Hillary Clinton deflected questions about Clinton Foundation donations during Wednesday night’s presidential debate, pivoting away from questions about undue influence from brutal foreign governments by highlighting the organization’s charitable work.
“The Clinton Foundation made it possible for 11 million people around the world with HIV/AIDS to get treatment,” Clinton said, noting that this total accounts for about half of all people receiving such treatment.
The Clinton Foundation does a lot of good work. Its AIDS initiative, in particular, has done a great deal to atone for former President Bill Clinton’s efforts to suppress the availability of low-cost generic HIV treatments during his presidency. It also gets good marks from charity watchdogs that monitor how much of a nonprofit’s donations go to actual charitable activities, rather than internal spending on staff salaries and office space.
But the Clinton Foundation isn’t an ordinary charity. Both Hillary and Bill Clinton have been paid personally to give speeches by donors and networks that have also donated to the foundation. These separate payments to the Clintons’ personal accounts don’t count as salaries under the foundation’s structure.
Hillary Clinton has personally received hundreds of thousands of dollars to speak at Goldman Sachs, a firm that has also donated millions to the foundation. In 2015, The New York Times reported that Russian government interests seeking to secure control over American uranium mines made over $2 million in donations to the Clinton Foundation, and an investment bank with links to the Kremlin paid Bill Clinton $500,000 for a speech. This happened while Hillary Clinton was secretary of state, one of many agencies that needed to sign off on the acquisition of U.S. uranium by the Russian-controlled entity. The Russians would eventually ink the deal, acquiring 20 percent of the unmined U.S. uranium stock.
These payments to the foundation, and other donations from the governments of Saudi Arabia and Qatar, may have been motivated by the pure-hearted desires of donors eager to see their dollars deployed in the most efficient humanitarian means possible. But there is a long tradition of anti-corruption thought in American politics which holds that when a donation creates the appearance of corruption, it’s a problem ― even if nobody can prove that a specific contribution led to a specific policy change.

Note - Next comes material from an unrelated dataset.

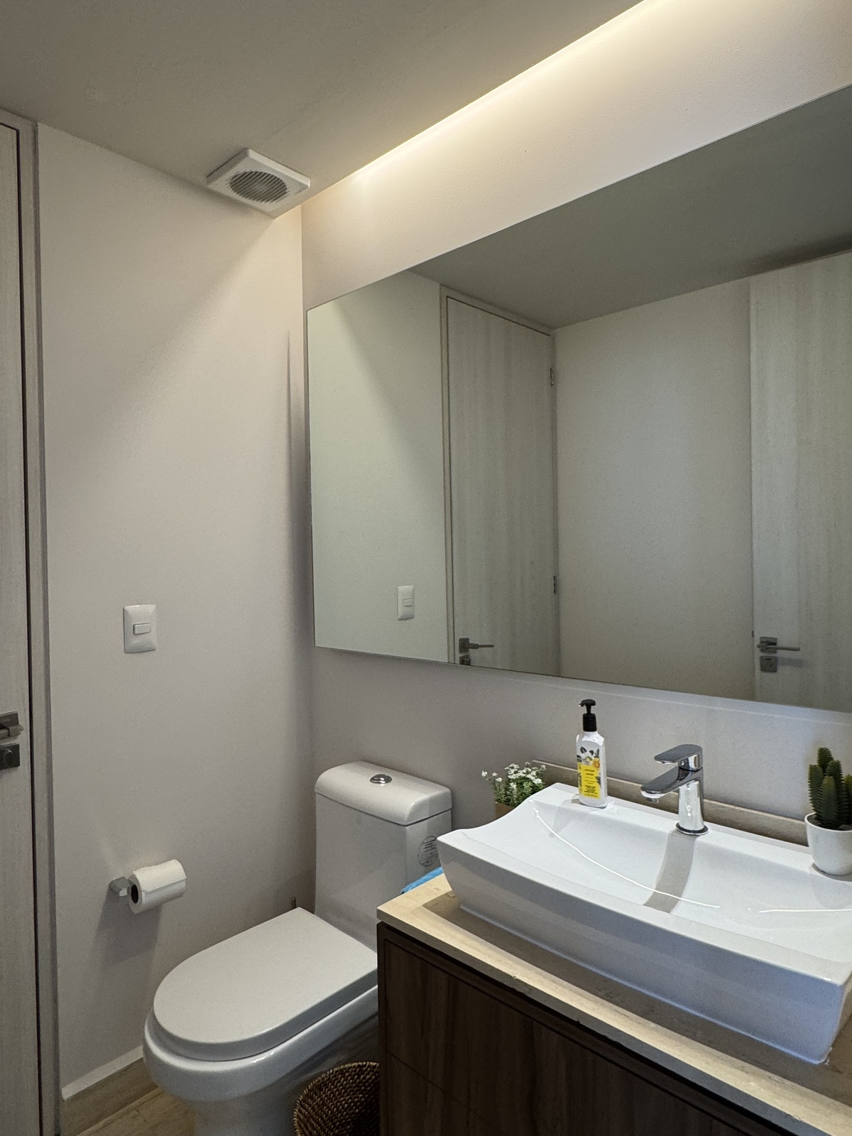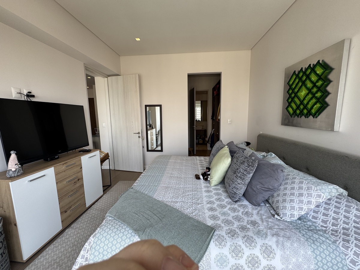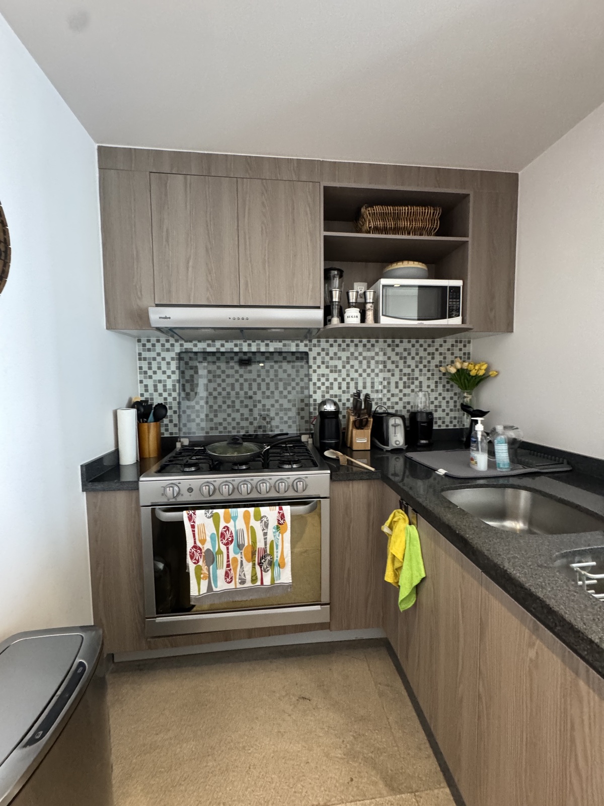 Tiene 2 recámaras, la principal con vestidor y baño y la segunda recámara comparte baño con visitas. Tiene espacio para sala y la cocina es abierta con cubiertas de granito . Es piso alto. Tiene 2 balcones uno en la sala y el otro en la recámara principal.

This tradition was fully gutted by the Supreme Court’s 2010 Citizens United decision, which defines corruption as an explicit quid pro quo exchange of cash for votes. Clinton has pledged to overturn this decision, even as, at times, she has embraced its logic to defend her career.
But the Clinton Foundation does at least do actual charitable things with its funds. The Trump Foundation, which has run into a series of legal problems of late, once spent $20,000 on a portrait of its namesake. Clinton didn’t neglect that fact on Wednesday night.
“I would be happy to compare what we do with the Trump Foundation, which took money from other people and bought a six-foot portrait of Donald,” Clinton said. “I mean, who does that?”
The Trump Foundation, the Washington Post reported, has also paid penalties for spending money on political activities, which is illegal, incompetent and gross.
Editor’s note: Donald Trump regularly incites political violence and is a serial liar, rampant xenophobe, racist, misogynist and birther who has repeatedly pledged to ban all Muslims — 1.6 billion members of an entire religion — from entering the U.S.